Web applications often use a *reverse proxy* or simply host files through a web server like [Apache2](https://httpd.apache.org/) or [Nginx](https://www.nginx.com/). These have common configuration file locations at the following paths:

{% code title="Apache2" %}

```
/etc/apache2/httpd.conf
/etc/apache2/apache2.conf
/etc/httpd/httpd.conf
/etc/httpd/conf/httpd.conf
```

{% endcode %}

{% code title="Nginx" %}

```
/etc/nginx/nginx.conf
/usr/local/nginx/conf/nginx.conf
/usr/local/etc/nginx/nginx.conf
```

{% endcode %}

When one of these is found, you can use the base directory to find more configuration files with custom settings. For both web servers, the `sites-available/` and `sites-enabled/` directories contain configuration per site. These can include proxy rules or other configurations, but they have a custom name set by the developer. This may require some guesswork, but there is a `default.conf` that may be used. Otherwise, the domain name or application name with some extensions may work.

#### Source Code

When you can read files in an otherwise black box system, finding source code can be very useful to not only discover more complicated vulnerabilities but also potentially find secrets inside of source code like passwords or random tokens. If you find a cookie signing key, for example, you could forge your own cookies to become any user or even exploit deserialization flaws.&#x20;

Common locations for these include:

* `/app`: Often for source code like Python applications, containing files like `main.py` or `app.py`, potentially in a subdirectory called `src/`.
* `/var/www`: Common for static files or PHP, often in a `html/` subdirectory and/or the name of the application or domain as a directory containing the files. This often contains things like `index.html` or `index.php`.
* `/opt`: The directory for optional programs often used to install big applications under their name, like `/opt/MyApp`. These vary a lot in which files you will find, so try different ones like `.py` files, `.php`, `.html`, `.aspx` and `web.config` for ASP.NET apps.
* `/proc/self/cwd`: Links to the **current working directory** of this process. If it was started from the source code directory you may find it directly inside here.
* `../`: Relative URLs from where the path used to point can also help reduce guessing, as you may be able to find source code in a parent directory, or an adjacent `src/` directory.
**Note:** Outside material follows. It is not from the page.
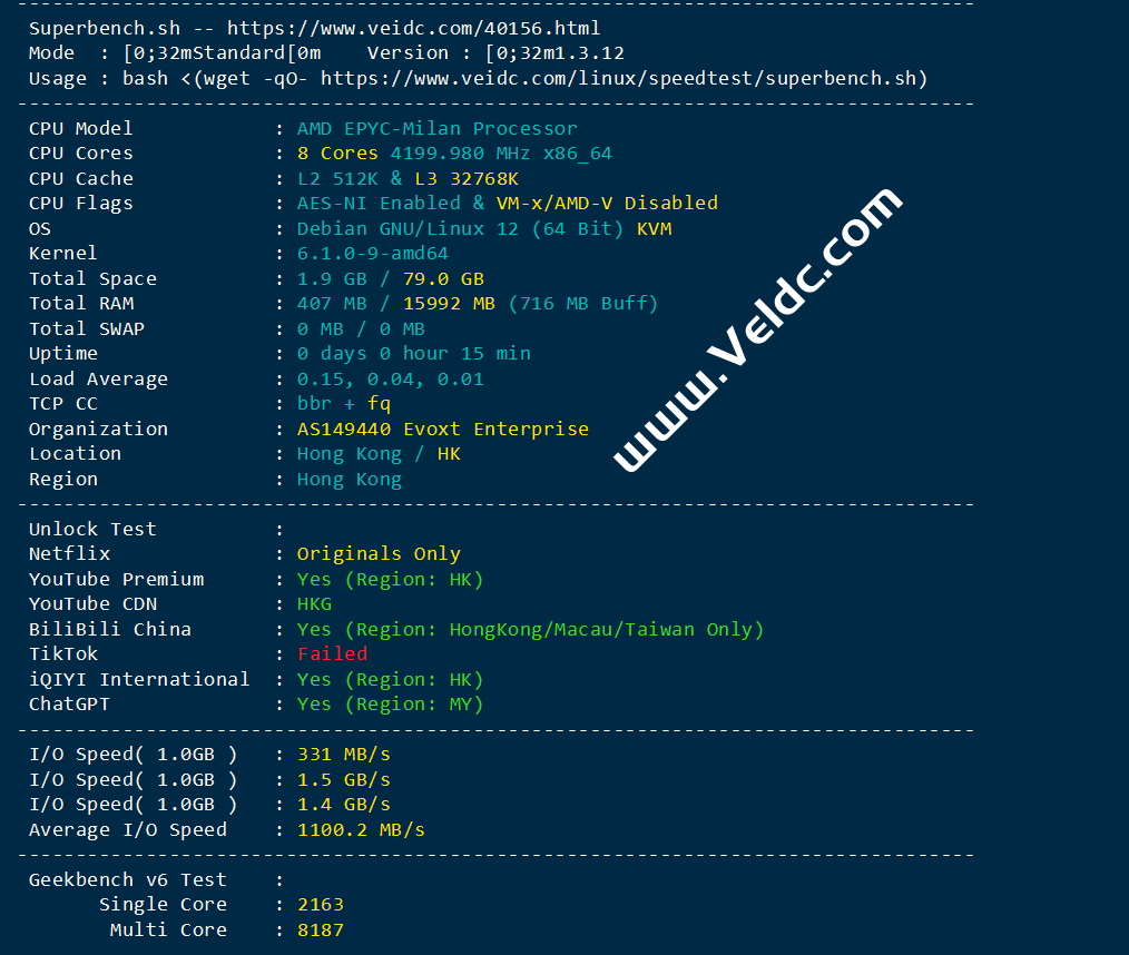 Evoxt商家发来好消息说香港VPS已经恢复CMI线路,电信双程CN2,早在去年10月份左右因为一些原因香港VPS取消了CMI走国际线路,这让很多用户不得不换其它商家,现在恢复了移动CMI,而且电信还双程CN2,网络质量进一步提高,价格仍为月付2.99美元起,但香港和日本机房的流量要少一些,全部为1Gbps带宽,无论是建站还是其它应用都挺不错。现在购买使用国外主机测评专属优惠码:VEIDC,可以享受95折优惠,支持支付宝、微信、PayPal、比特币和 USDT付款,下面是香港VPS最新测评。

In any of these locations, you should look for configuration files as well, like `.env` which is a common place for environment variables that often contain secrets for the application. `.htpasswd` is another credential file often used by Apache to protect directories with basic authentication. These files will contain a username and password separated by a `:` colon.&#x20;

{% hint style="info" %}
If a git repository is fully cloned into a web server, you may be able to find a`.git/` folder with all git objects and history. This can be incredibly useful for source code analysis, as well as finding secrets in the history or config files. See [#finding-git-on-websites](https://book.jorianwoltjer.com/forensics/git#finding-git-on-websites "mention") for details.
{% endhint %}

The hardest part is finding one initial file in a source code directory to go off of. This can be done in an automated way through fuzzing and using targetted extensions with educated guesses of where things might be stored. When one part of the source code is found, it often references other files by their name or path that you can then find relative to it to slowly map out the entire source code.